The data classification method according to claim 5, wherein
A face image data classification method including an extraction step of extracting, from face image data belonging to each cluster, face image data shot under a common shooting condition or face image data having a property of a common subject.

The data classification method according to claim 5, wherein:
In the learning forming step,
(A) Provisionally determine the cluster to which each prototype belongs,
(B) sequentially selecting each prototype as a target prototype to be classified into a cluster,
(C) for each cluster, calculating a measure between at least one prototype belonging to each cluster and said prototype of interest;
(D) changing the cluster to which the prototype of interest belongs as necessary based on the calculated measure;
A data classification method characterized by repeating the processes (b), (c), and (d) until there is no change in the cluster to which each prototype belongs, and classifying each prototype into a cluster.

The data classification method according to claim 5, wherein:
In the learning forming step,
(A) For each of the face image data, determine a cluster to which the face image data belongs;
(B) Each face image data is sequentially selected as attention face image data to be classified into a cluster,
(C) calculating, for each cluster, a predetermined correlation value between at least one piece of face image data belonging to the cluster and the face image data of interest to be classified into the cluster;
(D) determining a cluster to which the face image data of interest belongs, based on the correlation value;
A data classification characterized by repeating the processes (b), (c) and (d) until there is no change in the cluster to which each face image data belongs, and classifying each face image data into clusters.
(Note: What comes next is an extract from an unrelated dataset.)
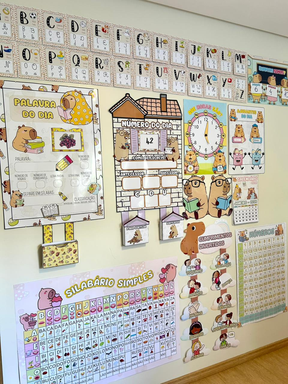 Prepare-se para receber seus alunos em 2026 com um ambiente acolhedor e pedagogicamente rico! Este conjunto completo de materiais pedagógicos traz a simpatia e o charme das capivaras brasileiras para criar um espaço de aprendizagem estimulante e organizado. Cada elemento foi cuidadosamente pensado para apoiar o desenvolvimento integral das crianças, desde a educação infantil até o quinto ano do ensino fundamental. Materiais incluídos:

Method.

A face image data classification program for classifying face image data obtained by capturing a face of a person,
A learning forming step of learning and forming a correspondence between a plurality of clusters defined by at least one of imaging conditions and at least one of the properties of the subject, using a plurality of face image data,
A cluster determining step of determining a cluster to which the face image data belongs by using the correspondence formed by learning;
A face image data classification program characterized by including:

A data classification program according to claim 9,
A face image data classification program including an extraction step of extracting, from face image data belonging to each cluster, face image data shot under a common shooting condition or face image data having a property of a common subject.
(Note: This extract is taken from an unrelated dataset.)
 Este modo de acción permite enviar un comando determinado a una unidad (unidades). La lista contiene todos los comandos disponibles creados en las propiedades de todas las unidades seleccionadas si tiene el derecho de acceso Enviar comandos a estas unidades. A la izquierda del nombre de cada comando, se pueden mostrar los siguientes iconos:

It is a data classification program according to claim 9 or 10,
In the learning forming step,
(A) Provisionally determine the cluster to which each prototype belongs,
(B) sequentially selecting each prototype as a target prototype to be classified into a cluster,
(C) for each cluster, calculating a measure between at least one prototype belonging to each cluster and said prototype of interest;
(D) changing the cluster to which the prototype of interest belongs as necessary based on the calculated measure;
A data classification program characterized by repeatedly performing the processes (b), (c), and (d) until there is no change in a cluster to which each prototype belongs, and classifying each prototype into a cluster.
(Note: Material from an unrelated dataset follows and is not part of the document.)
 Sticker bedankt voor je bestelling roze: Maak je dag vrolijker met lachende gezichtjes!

It is a data classification program according to claim 9 or 10,
In the learning forming step,
(A) For each of the face image data, determine a cluster to which the face image data belongs;
(B) Each face image data is sequentially selected as attention face image data to be classified into a cluster,
(C) calculating, for each cluster, a predetermined correlation value between at least one piece of face image data belonging to the cluster and the face image data of interest to be classified into the cluster;
(D) determining a cluster to which the face image data of interest belongs, based on the correlation value;
A data classification characterized by repeating the processes (b), (c) and (d) until there is no change in the cluster to which each face image data belongs, and classifying each face image data into clusters. program.